------ Exercise input ------

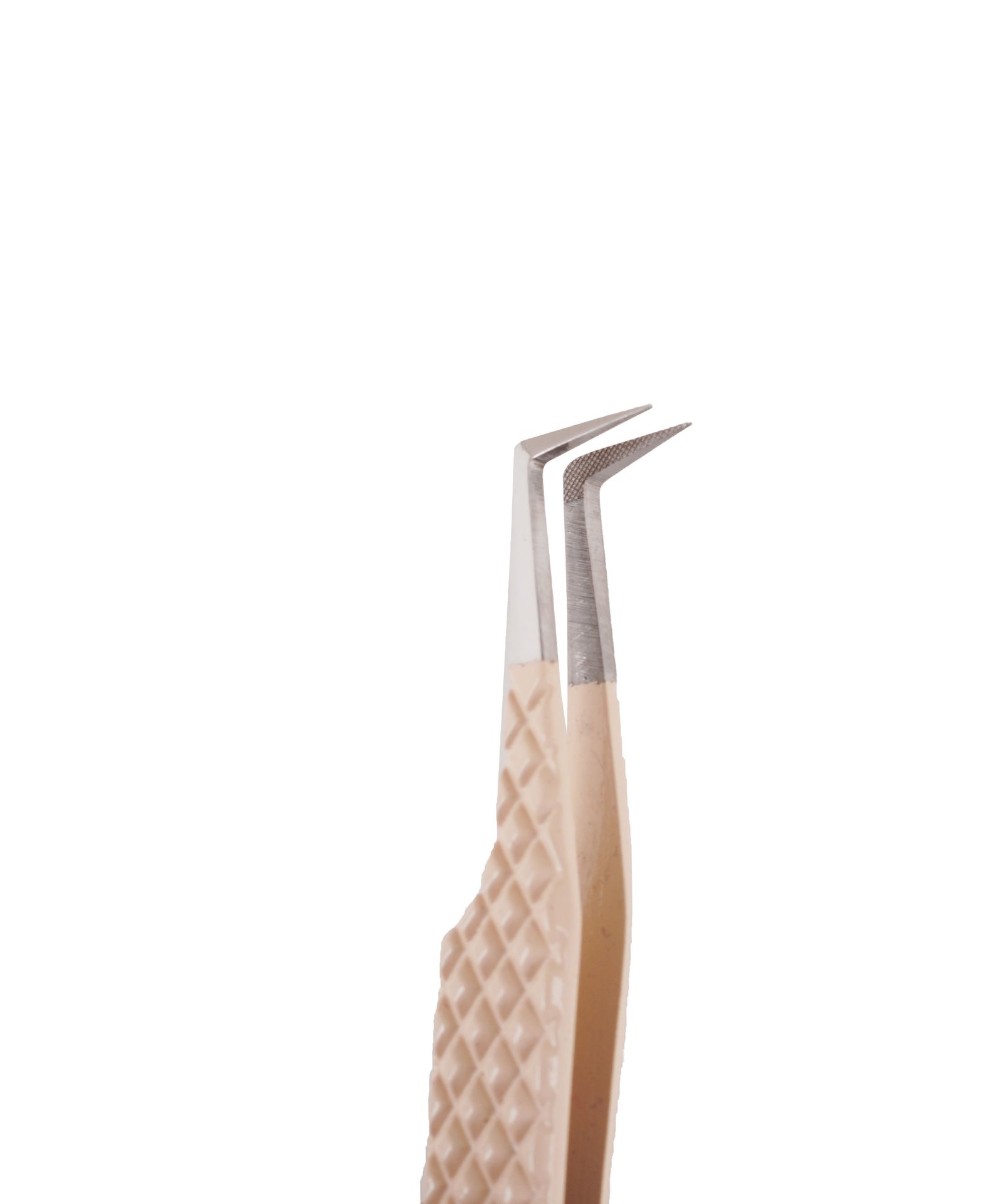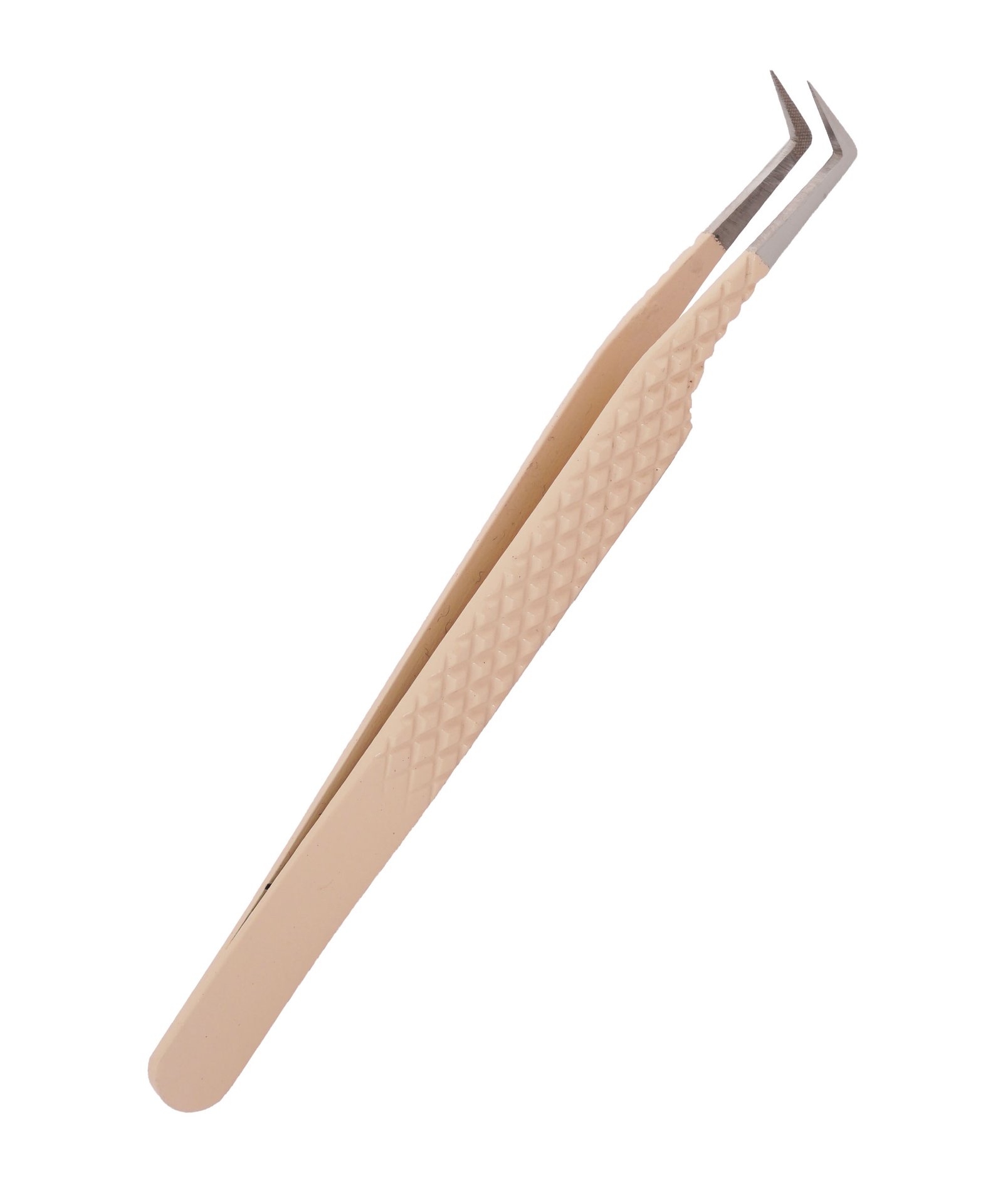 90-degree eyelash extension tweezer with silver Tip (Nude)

------
------ Exercise input ------

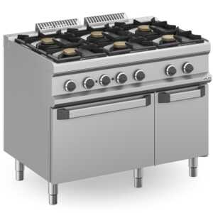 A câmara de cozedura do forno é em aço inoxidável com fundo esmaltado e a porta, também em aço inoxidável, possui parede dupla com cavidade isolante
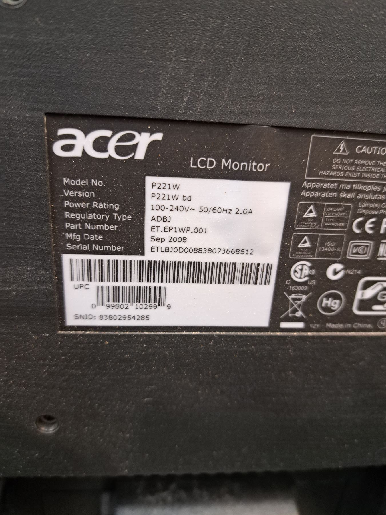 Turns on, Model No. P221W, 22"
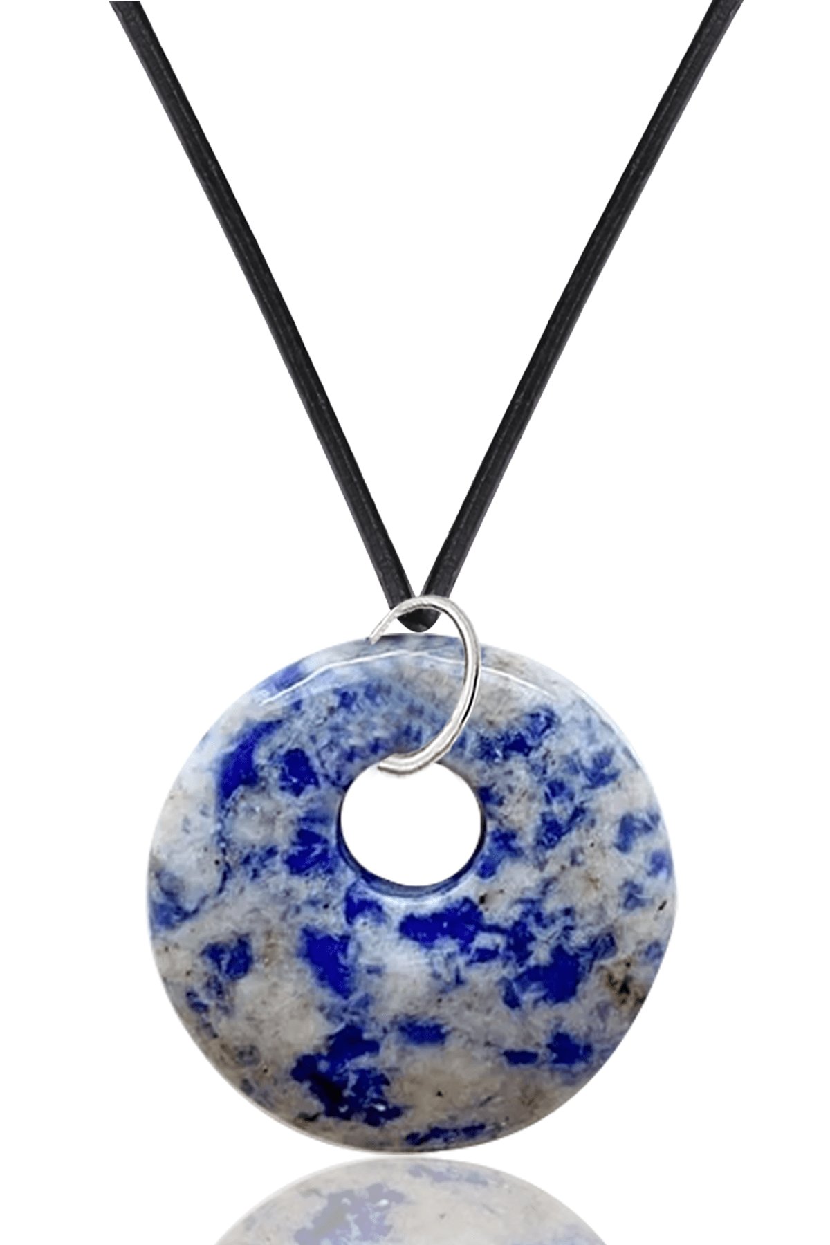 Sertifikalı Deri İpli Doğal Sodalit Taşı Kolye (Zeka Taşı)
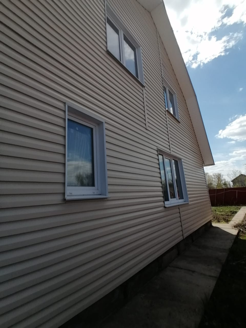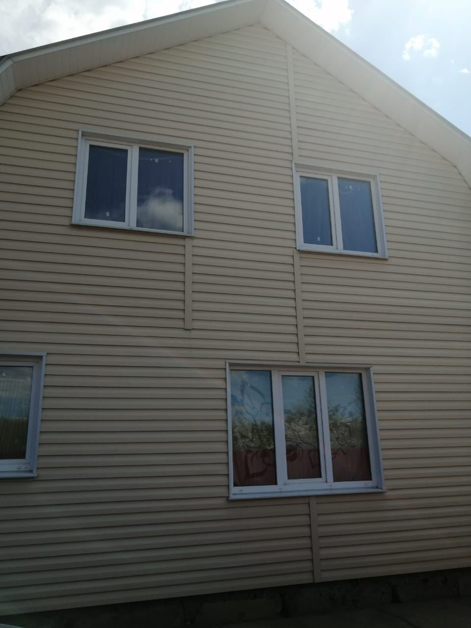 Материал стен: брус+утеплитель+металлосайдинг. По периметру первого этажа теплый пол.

------
------ Exercise input ------

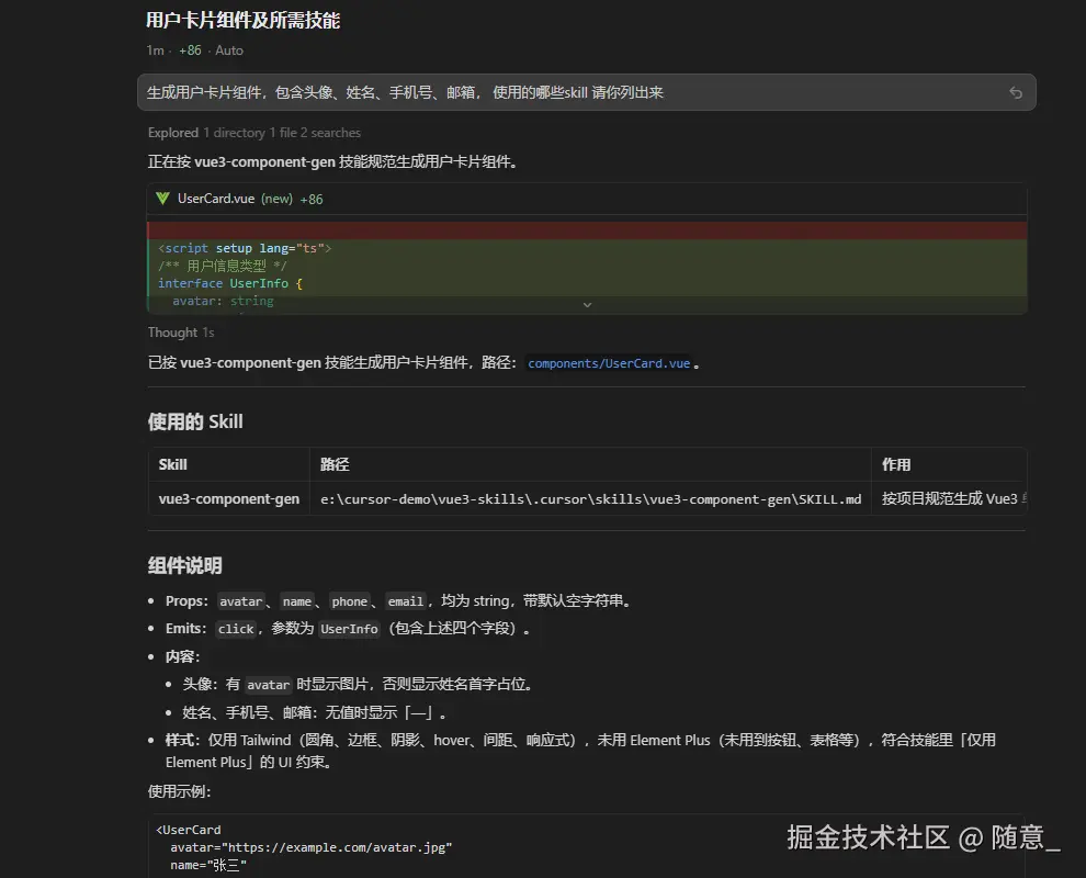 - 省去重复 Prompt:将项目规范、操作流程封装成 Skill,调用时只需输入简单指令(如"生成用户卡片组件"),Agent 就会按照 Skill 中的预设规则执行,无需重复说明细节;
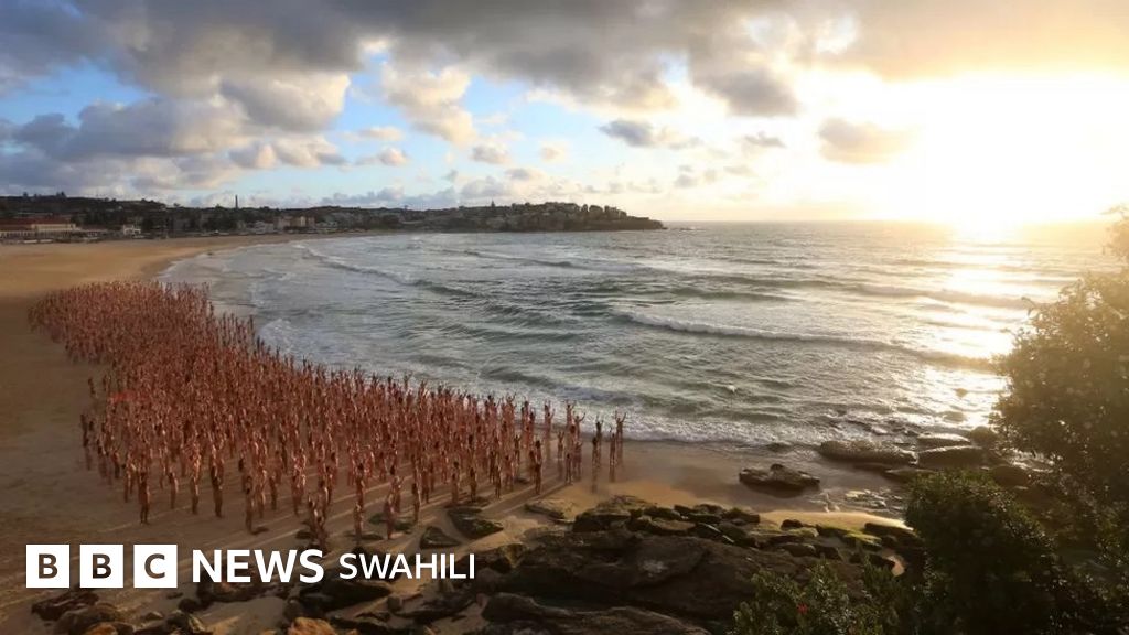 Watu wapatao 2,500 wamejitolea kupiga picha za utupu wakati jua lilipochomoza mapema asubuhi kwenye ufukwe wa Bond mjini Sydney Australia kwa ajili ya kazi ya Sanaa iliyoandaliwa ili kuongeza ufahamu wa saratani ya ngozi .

------

In the entries above, every line from the line with "Sertifikalı Deri İpli" to the line with "Материал стен: брус+утеплитель+металлосайдинг." is to be printed exactly, with both ends included and pictures excluded.

 Sertifikalı Deri İpli Doğal Sodalit Taşı Kolye (Zeka Taşı)
 Материал стен: брус+утеплитель+металлосайдинг. По периметру первого этажа теплый пол.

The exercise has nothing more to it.